Euphoria

Euphoria has always been a state of mind that I should take caution with. It was that state of mind that led me to do a irrational things that eventually led to those two psychotic breaks. Mostly I found it through my accomplishments which led to celebration. I found euphoria through drugs and buying expensive things. This euphoria was unhealthy, cloudy, and led me down the wrong path.

Now I feel it again but without the drugs and while living on Social Security and living within my means. This time around it is healthy. Should I be worried that another manic episode is in my near future? No, because I have a better sense of judgment and my mind is clearer than it has ever been in my entire life. I know the warning signs of a manic episode. If they were apparent right now I would be on the phone with my psychiatrist. Jesus Helbling is not coming back my friends. I am doing everything in my power to prevent that from happening.

My life is finally unfolding in the right direction because I am doing things now that only help myself move forward. I have learned so many lessons in my life about how you can move backwards and now I am able to avoid taking those “steps” back. Sure, there are still mistake to be made but I am not going to mess up like I did before.
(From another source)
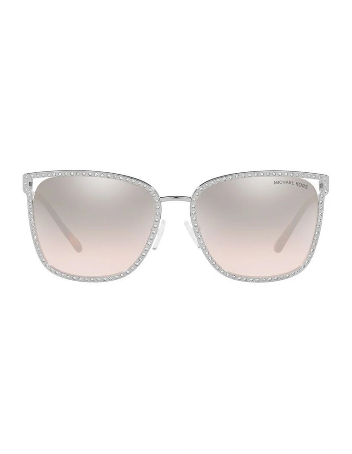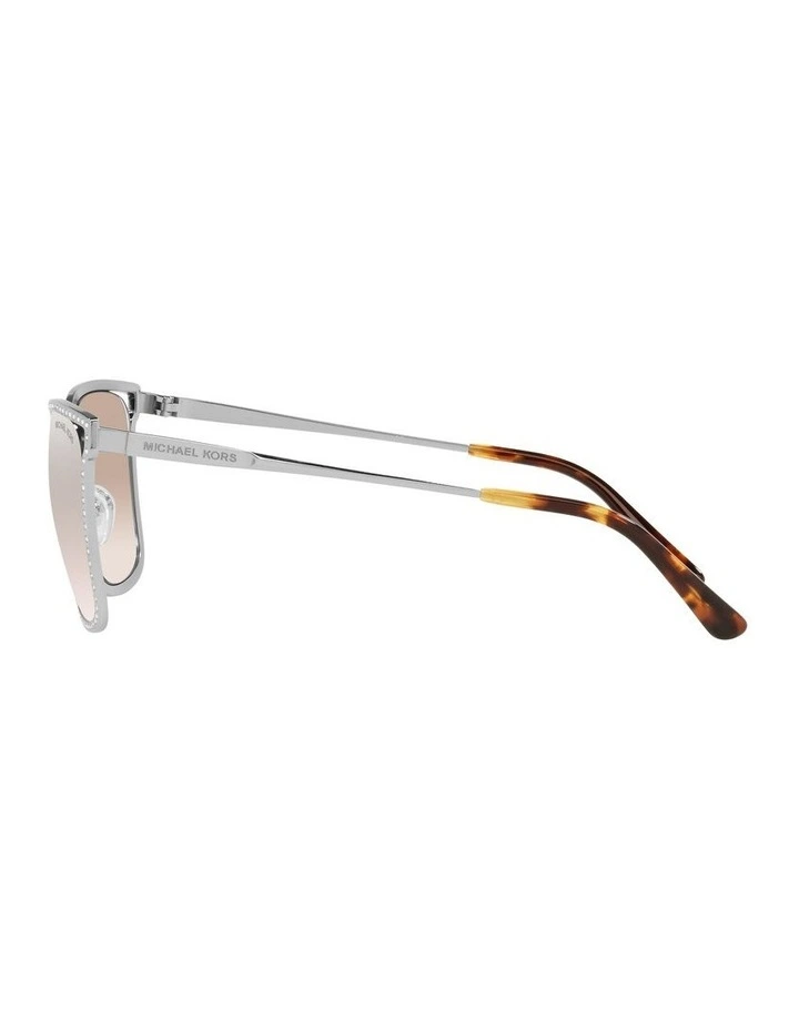 Pinnacle metal square adorned with crystals and feminine venting details. Metal temple with laser engraved logo. Universal fitting.

So what does it feel like to live in a state of euphoria now that is not fueled by drugs or spending? I just feel at peace with myself. I take great pride in being able to represent those that have lost their mind, their body, or both. I want those people to feel how I am feeling right now because I know how it feels when you are not in control.

Life can be overwhelming at times and being happy all the time is not always sustainable. Some people do not understand how I keep a smile on my face. Maybe it can make you feel worse that I can be happy in my situation while someone else living a “normal” life can constantly get down on themselves. The reason that I am so content and so happy is just because I have been to where I wanted to give up and die and I felt helpless both physically and mentally. I have been worse off and I promised myself never to go back there. I should be dead so of course there is a reason that I’m still here. I have found that true joy comes through helping others and not through helping yourself.

For myself I feel that being happy all the time can be sustainable as long as I continue to always try to do the right thing. There are going to be events in my life that I have to prepare myself for like a death in the family, but I cannot sit and worry about those things happening.

We are meant to smile and enjoy life. We are meant to live in a state of euphoria. We do live in a very pressuring society but we cannot let that hold us back. We need to be thankful for everything that we have. For every breath that we take or even every step. I am going to do everything in my power to try and live a sustainable happy life.